Lambasting Mr Bush for the treatment he meted out to the Pakistani leader, the newspaper said: “It’s just baffling why Mr Bush travelled halfway around the world to stand right next to one of his most important allies against terrorists — and embarrass him.”
“India and Pakistan are military rivals that have fought each other repeatedly. They have both developed nuclear weapons outside the non-proliferation treaty, which both refuse to sign. When India exploded its first acknowledged nuclear weapons eight years ago, Pakistan felt obliged to follow suit within weeks,” the New York Times said.
While saying that “Mr Bush was right to say no to Pakistan,” the newspaper said: “It would be an unthinkably bad idea to grant a loophole to a country whose top nuclear scientist helped transfer nuclear technology to leading rogue states. Granting India a loophole that damages a vital treaty and lets New Delhi accelerate production of nuclear bombs makes no sense either.”

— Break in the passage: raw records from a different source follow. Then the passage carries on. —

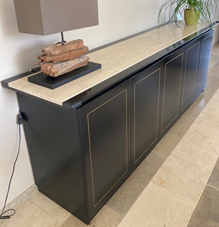 Dressoir met travertin blad - 2,5m lang - 52 cm diep - 90 cm hoog
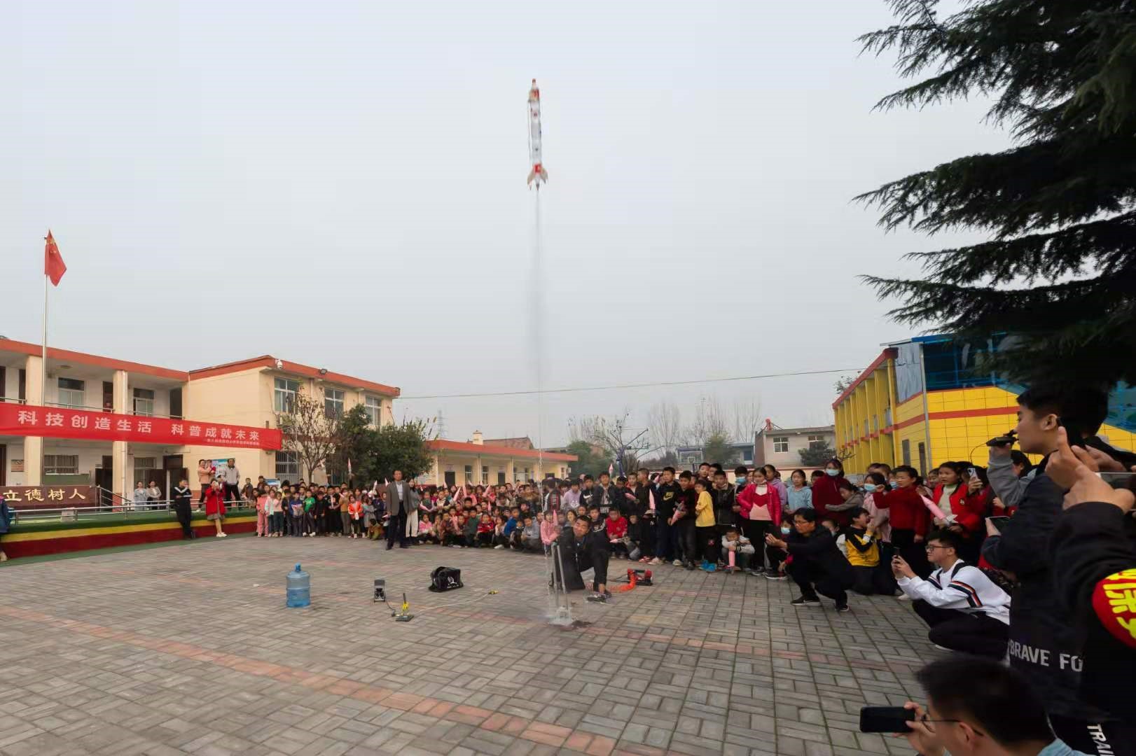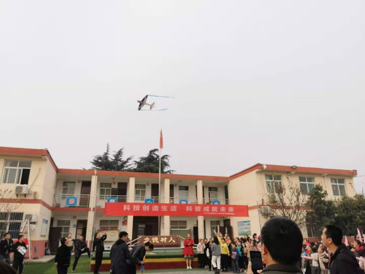 水火箭制作完成后,孩子们被老师带到操场观看航模表演和固体火箭发射。随着一个个航模特技动作的顺利完成,孩子们连连发出一片惊叹声;接着所有人倒数“3,2,1”,火箭发动机被点燃,火箭腾空而起,并在百米高空打开降落伞缓缓降落。孩子们的尖叫声和欢笑声在校园中回荡。
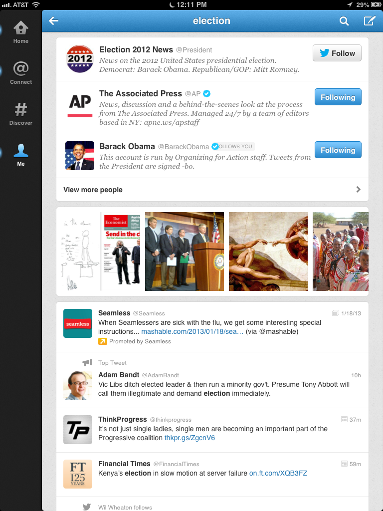 The only old tweet I saw with the “election” search was a promoted one. Hopefully that won’t be the case for all of your searches. As the discovery experience gets better, Twitter can hopefully trap those non-tweeters into clicking more links and following more people.
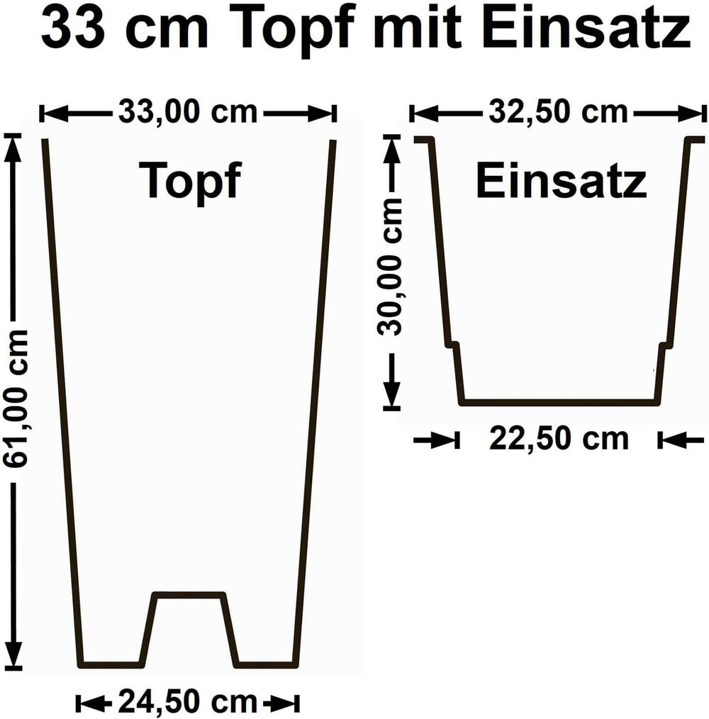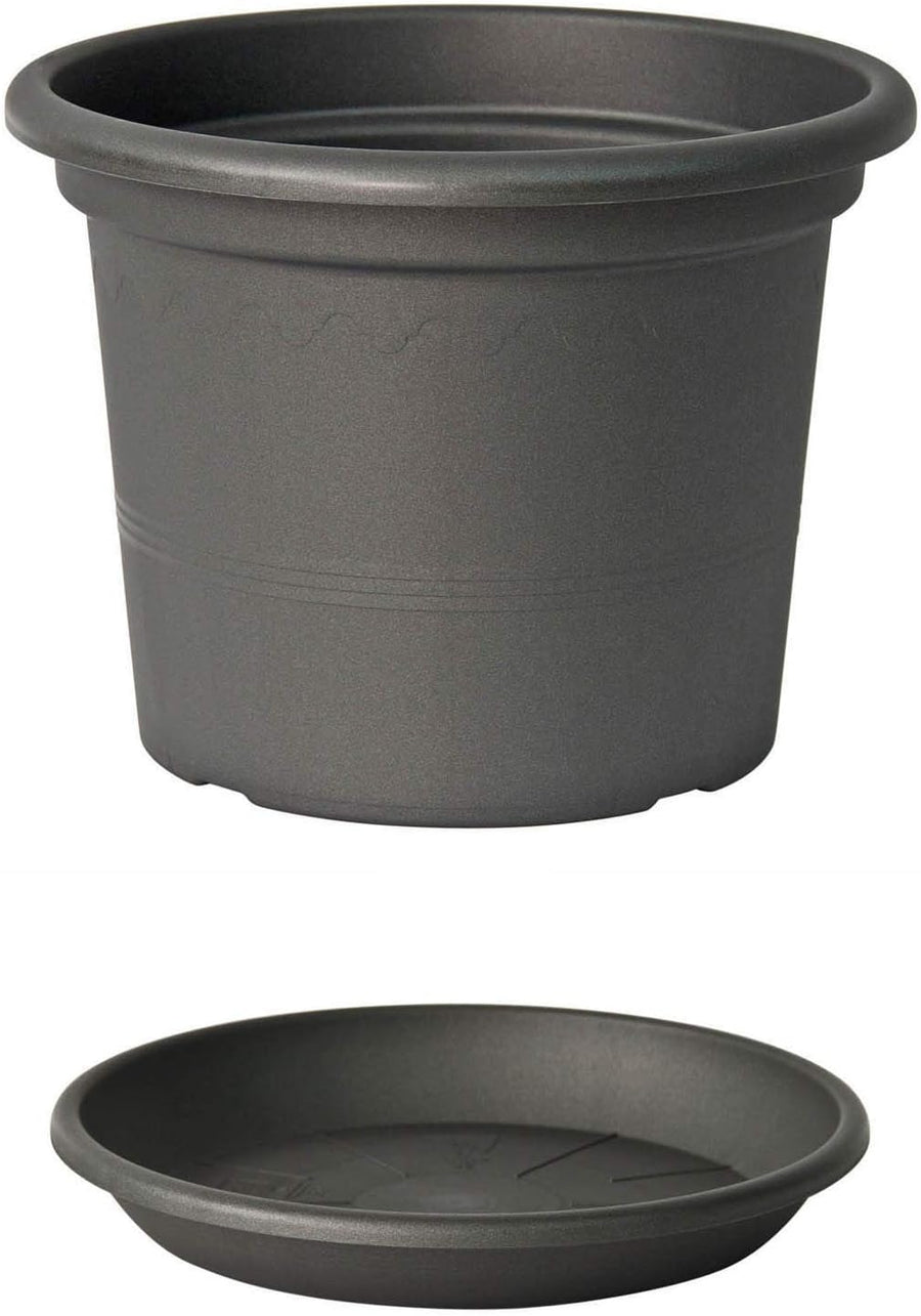 Euro3Plast Geo Blumentopf mit Untersetzer 12 Grössen und 9 Farben zur Wahl (60 cm, Anthrazit) 60 cm

Asserting that Mr Bush should have just stayed home, the Times said: “There is a lot of good a president can do on a visit to another country: negotiate treaties that enhance American security, shore up a shaky alliance, generate good will in important parts of the world. Unfortunately, President Bush didn’t do any of those good things on his just-completed visit to Pakistan and India and may have done some real harm.”